Il y a douze ans maintenant, un couple d’amis est allé adopter une fillette au Guatémala parce que la France leur avait refuser l’adoption sous des prétextes complètement débiles.
Ils ont essayé un an après l’arrivée de la petite et ont abandonné, toujours la même galère et des critères toujours plus démentiels : pas assez de m2 dans la chambre qu’occupera l’enfant, le jardin est trop au nord donc trop froid etc.
D’autres amis ont essayé. Ils ont quatre enfants et avaient pensé à faire une place à un cinquième. Maldone.

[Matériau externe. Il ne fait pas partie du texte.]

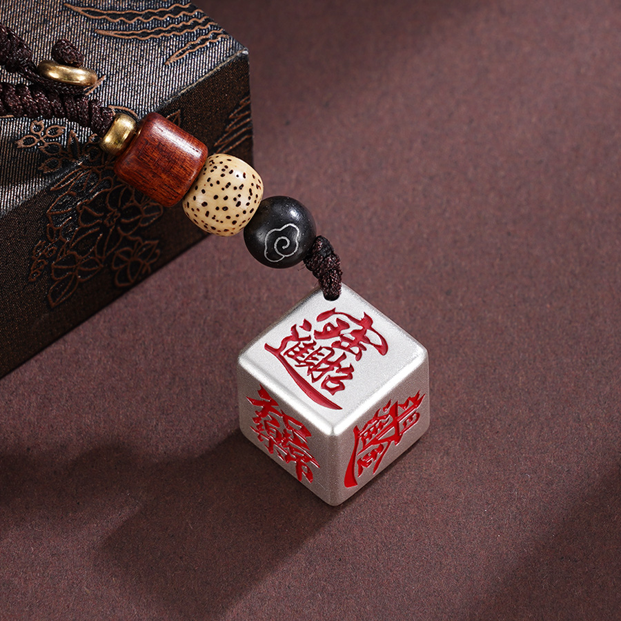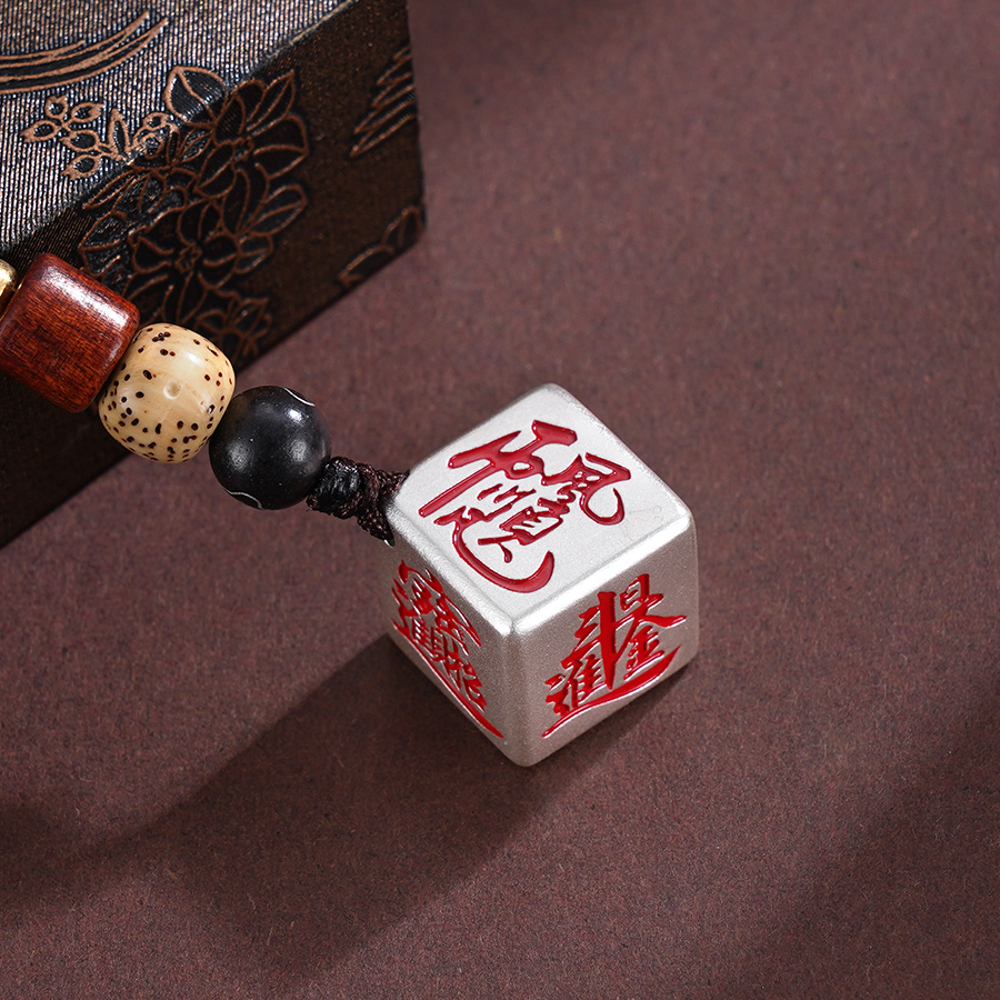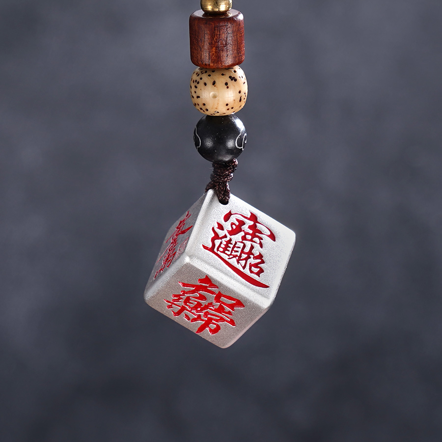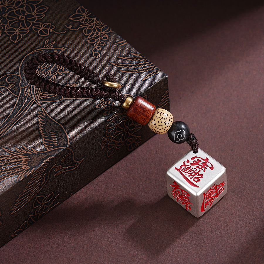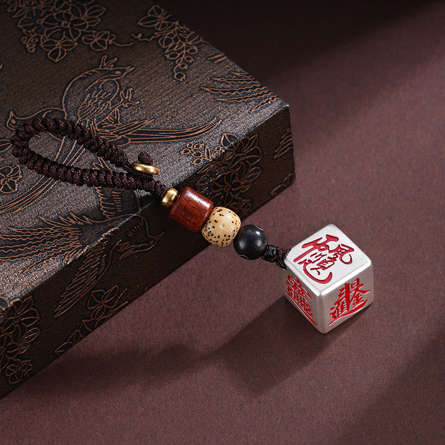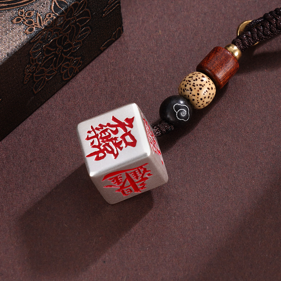 【寓意】:作品灵感源自骰子,采用足银材质,1:1精妙还原,其上錾刻吉祥文字。日常把玩,扭转运势,寓意“四方利赢,六方来财”。

Trop de monde dans la famille, papa smicard gagnant pas assez, et maison trop petite.
En France, les familles d’accueil ne doivent pas s’attacher aux enfants, elles ne doivent pas trop les aimer sinon ça brise le lien avec les parents naturels qui pourraient reprendre un jour leurs enfants.
Un enfant qui reçoit une carte une fois l’an de l’un de ses parents ne peut être adopté car il existe un lien avec ses parents.

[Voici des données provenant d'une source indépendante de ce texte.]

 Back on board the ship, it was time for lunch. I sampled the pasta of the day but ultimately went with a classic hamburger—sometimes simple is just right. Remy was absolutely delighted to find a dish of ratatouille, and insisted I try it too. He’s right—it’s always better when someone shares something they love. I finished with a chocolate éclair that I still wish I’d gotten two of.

en même temps ce n’est pas votre problème, je ne comprend même pas
pourquoi vous posez des questions sur ce qui de toute évidence ne vous
concerne pas, aimez un homme et vouloir lui faire un enfant n’a pas
l’air d’être dans vos choix de vie de toutes façon.

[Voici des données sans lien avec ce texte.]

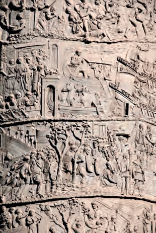 图拉真纪念柱浮雕(局部)。位于罗马图拉真广场,为纪念图拉真征服达西亚而建,柱身上环绕着长达200米的饰带浮雕,表现了罗马军队征战及凯旋的场景[参见第33章]
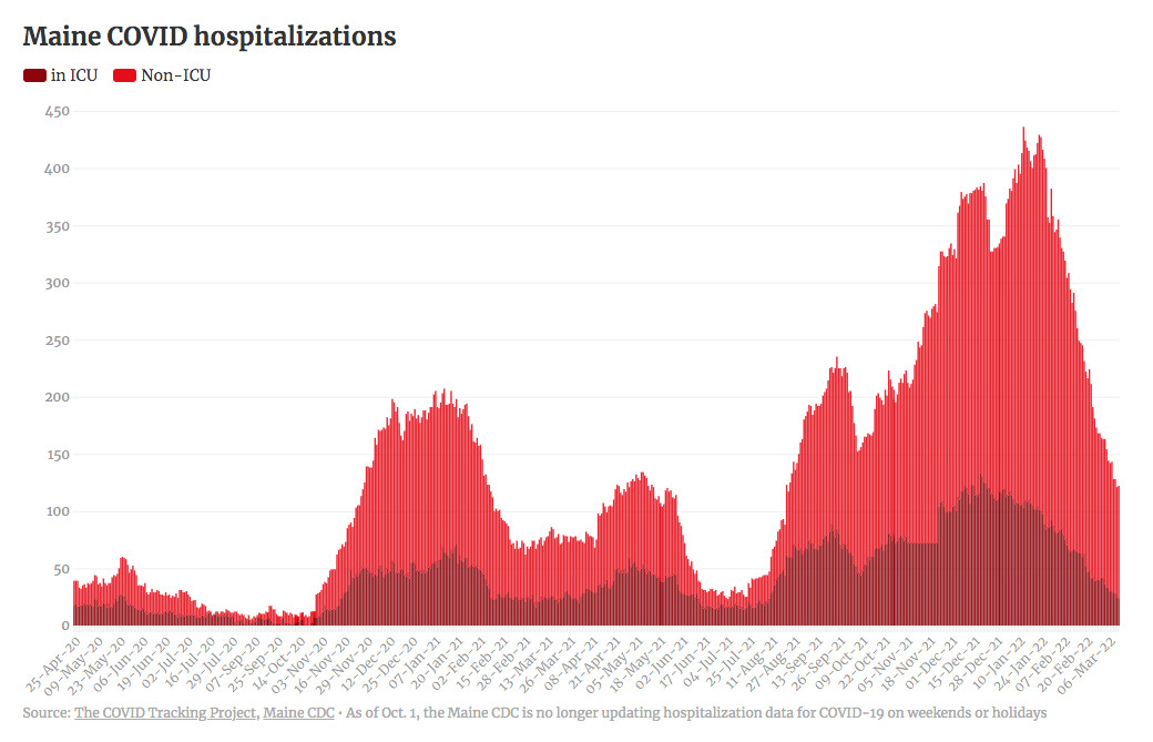 COVID-19 hospitalizations in Maine continue downward trend
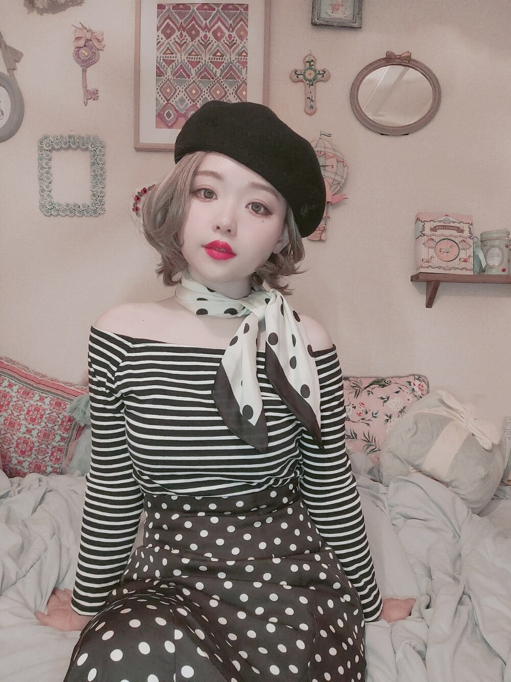 柄×柄コーデ。 パリに行きたい気持ちが爆発して。
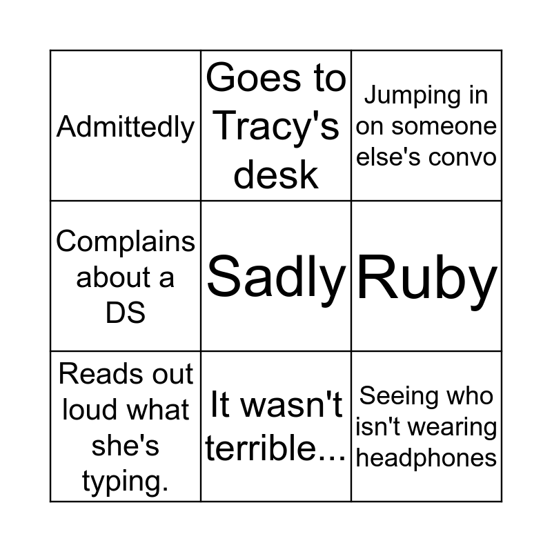 This bingo card has 15 words: I love it when a dealer _____, RAMBLE MODE, Jumping in on someone else's convo, Admittedly, It wasn't terrible..., Sadly, Going to Ryan/Jeremy Desk, ROBOT MODE!, Ruby, Seeing who isn't wearing headphones, Those awkward situations where _____, Complains about a DS, Reads out loud what she's typing., Goes to Tracy's desk and Talks about the weather.
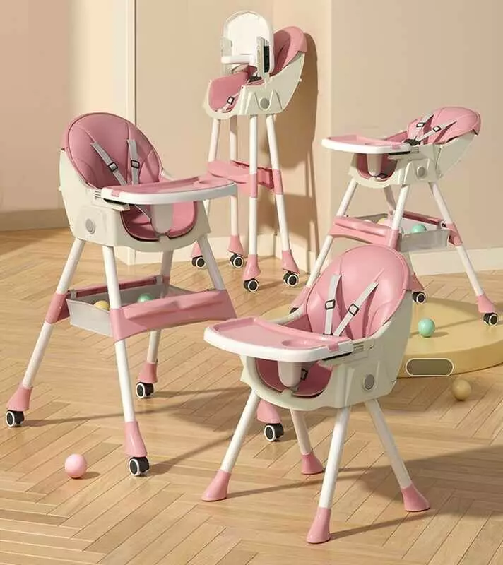 Стільчик для годування Toti FR- 30608 (1) сталева конструкція, матеріал тканини PU, знімний столик, опускна спинка, 4 колеса, в коробці
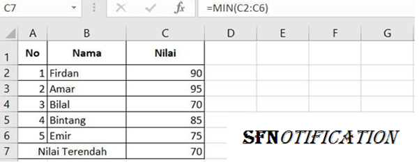 Fungsi Min di Microsoft Excel digunakan untuk mencari nilai terendah dari range tertentu. Bentuk penulisannya adalah =Min(cell awal : cell akhir). Masih menggunakan tabel yang sama, kita akan mencoba mencari nilai terendah dari range nilai, maka rumusnya adalah =Min(C2:C6). Contohnya seperti pada gambar dibawah ini :

Ah bon, parce que quand on aime un homme, on doit obligatoirement lui faire un enfant ? La bonne blague !!
Mon choix de vie, c’est de ne pas avoir d’enfant. Aucunement rejeter l’amour !
Pour votre gouverne, j’ai aimé des hommes (oh pas beaucoup, certes, puisque je préfère une ou deux relations durables à la multiplication des partenaires) qui figurez-vous ne voulaient pas d’enfants non plus ! et qui n’en n’ont eu avec personne une fois séparés.
Ben oui, y’a des hommes qui ne veulent pas d’enfants.
Et j’ai pas mal de couples autour de moi qui ne veulent pas d’enfants et qui s’aiment énormément.
Et pourquoi n’aurais-je pas le droit de me poser ce genre de question ?
Avez-vous demandé leurs choix de vie et leur vie tout court à toutes les personnes qui vous ont répondu ? sont-elles vraiment toutes concernées ?
Ce n’est pas mon problème, dites-vous, si,si, ça l’a été un jour. « Choix de vie » ? et comment croyez-vous qu’on « choisit » ? sinon en se posant des tas de questions.
Désolée, mais si mon conjoint était stérile et si je voulais absolument un enfant, je ne voudrais surtout pas que cet enfant soit le fils ou la fille de mon beau-frère ou du cousin de mon conjoint.
Vous me parlez de solidarité masculine mais la mère, vous en faites quoi ?
Qu’est-ce que croyez que cela lui fera, à cette femme, de porter l’enfant de son beau-frère (car à moins d’être un jumeau et encore) ou du cousin de son conjoint. Autant qu’elle plante le malheureux stérile et qu’elle aille former une vraie famille avec le vrai papa.
Et vous expliquerez comment à cet enfant, le fait qu’il ressemble au cousin de papa ou au frère de papa ou au cousin de maman.
Et le cousin ou le beau-frère qui verra grandir cet enfant -son enfant- sans pouvoir intervenir dans son éducation. Et que se passe-t-il en cas de séparation ou de mort du conjoint ? la mère récupère son enfant et le père biologique fait valoir ses droits ?
Imaginons que le généreux donneur n’assure pas sa descendance (excepté le résultat de son généreux don à son frère ou cousin) et qu’il veuille reconnaître le seul enfant qu’il ait.